• [WHAT TO DO]: Only the lines from the one containing "The Apple Bee" to the end of the data should be copied, exactly and without pictures.
***
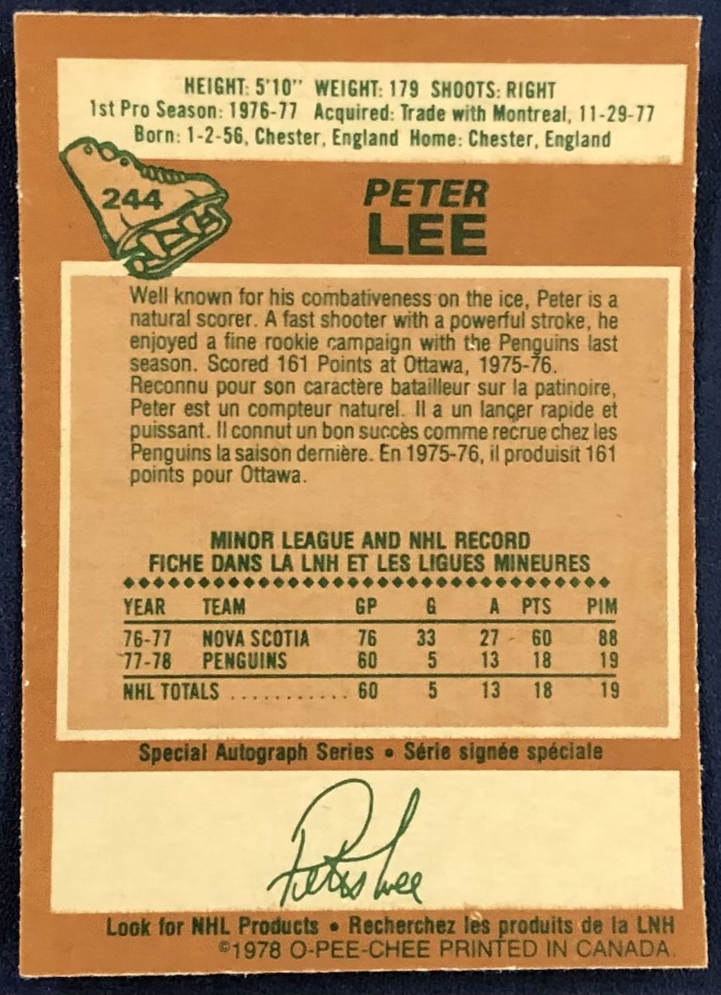 Lot 1340 1978-79 O-PEE-CHEE PETER LEE ROOKIE CARD
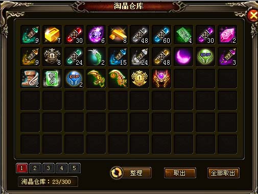 淘到的物品都存放在淘晶仓库中,可以一次性全部取出,取出的时候记得留出足够的背包空位哦。
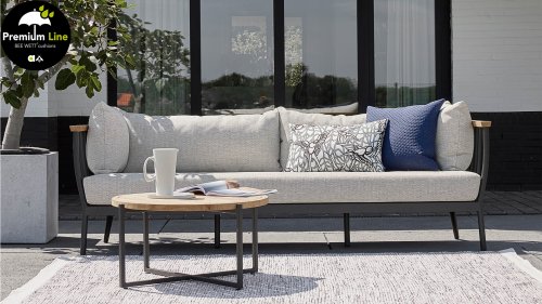 The Apple Bee Condor Lounge Black has a sleek, rugged look. The base material is matte black powder-coated aluminum. The BEE WETT® cushions have a coarse weave structure, but with a soft touch. The beautiful curves in the back and the use of natural teak wood in the armrests give the Condor a pleasant touch of natural warmth.
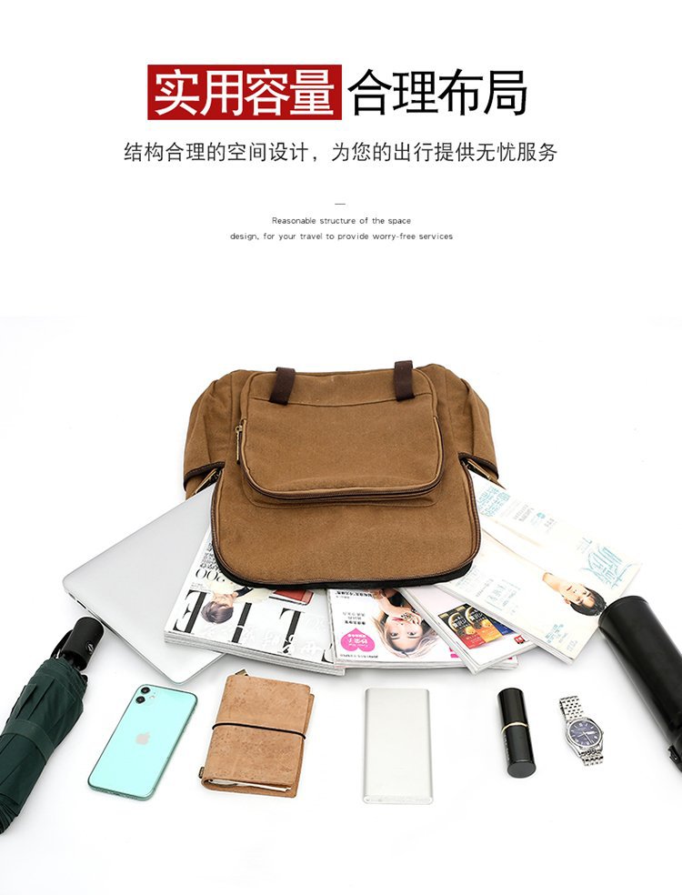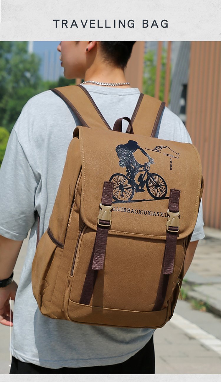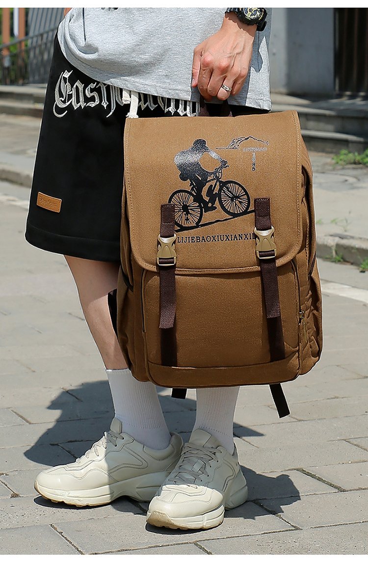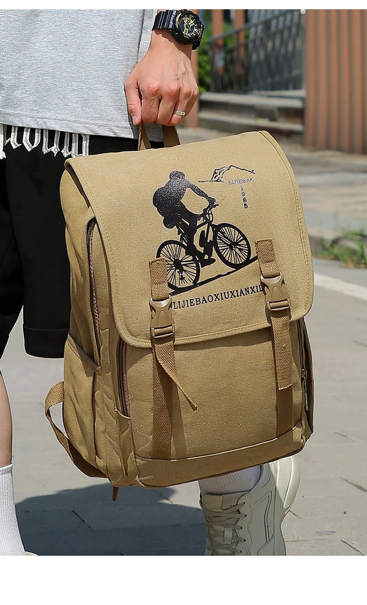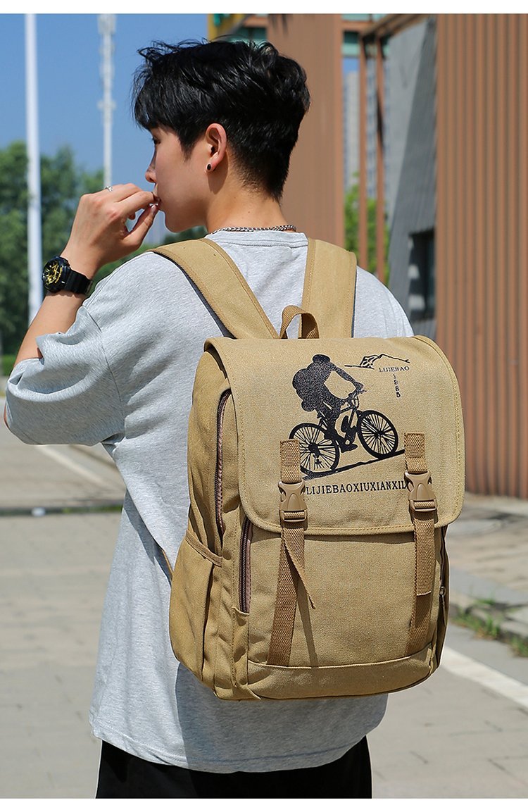 复古男士帆布双肩包初中大学生书包潮流休闲旅行包背包男包
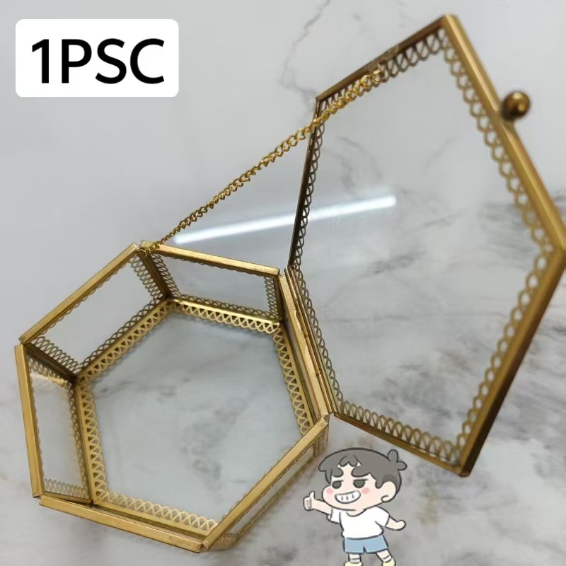 奢华六边金色+透明玻璃迷你珠宝首饰盒 桌面首饰收纳盒做精致女生
***
• [RESPONSE AREA]:
 The Apple Bee Condor Lounge Black has a sleek, rugged look. The base material is matte black powder-coated aluminum. The BEE WETT® cushions have a coarse weave structure, but with a soft touch. The beautiful curves in the back and the use of natural teak wood in the armrests give the Condor a pleasant touch of natural warmth.
 复古男士帆布双肩包初中大学生书包潮流休闲旅行包背包男包
 奢华六边金色+透明玻璃迷你珠宝首饰盒 桌面首饰收纳盒做精致女生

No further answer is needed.